= Rap do Silva =

1995 song by MC Bob Rum

Rap do Silva (Portuguese for "The Silva Rap") is a 1995 funk carioca song by Brazilian rapper MC Bob Rum. The track became a scene classic in Rio de Janeiro and is often described retrospectively as a socially conscious narrative about stigma, police violence, and everyday life in the favela communities.

== Background ==
The song was created in the mid-1990s during the first major wave of funk carioca's popularity in Rio de Janeiro. It initially spread through bailes funk (funk parties), mixtapes, and compilation albums. In later retrospectives, "Rap do Silva" has been cited as one of the defining funk songs of the decade and a "classic" of the genre. In the lyrics, the common Portuguese surname "Silva" functions as a symbol for marginalized favela residents, while the text employs a narrative style reminiscent of reportage to address prejudice and state repression.

== Release and reception ==
The song became widely known through the popular compilation Rap Brasil Vol. 2, released by Som Livre in 1995, which played a key role in bringing the track to national attention. In Brazilian media and retrospective anthologies, "Rap do Silva" is frequently listed as a benchmark of 1990s funk. Journalist Júlio Ludemir included it in his book 101 Funks You Must Hear Before You Die (101 funks que você tem que ouvir antes de morrer), which canonized major works of the genre.

== Commercial success ==
Rap Brasil Vol. 2 achieved platinum status in Brazil, with industry reports attributing much of its success to the popularity of "Rap do Silva." Contemporary press coverage highlighted the song's heavy radio rotation and recurring inclusion on numerous funk compilations throughout the late 1990s.

In the history of funk carioca, "Rap do Silva" is often seen as a key transitional piece, marking the genre's shift from predominantly hedonistic party tracks to more socially aware storytelling. Cultural features and essays continue to reference it as a touchstone for understanding the evolution of funk carioca during the 1980s and 1990s.

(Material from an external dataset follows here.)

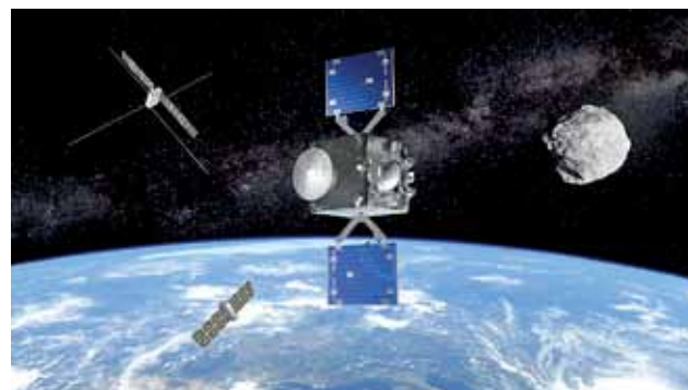
This is what Ramses – ESA's asteroid-following machine – could look like.

It was hoped that if the mission was a success, then if an asteroid ever did come close to Earth, they could redirect it. And luckily, it was successful.
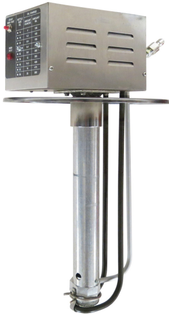
General image shown for reference.

== Music video, reinterpretations, and legacy ==
To mark its 20th anniversary, an official music video was released, updating the story of the song and reflecting on its legacy within the funk scene. The 2013 documentary A História de um Silva ("The Story of a Silva") also explored the song's context, reception, and social dimension, framing it as a cross-generational reference point in Rio's funk culture. Retrospective overviews of four decades of funk have consistently listed "Rap do Silva" among the genre's 40 defining hits.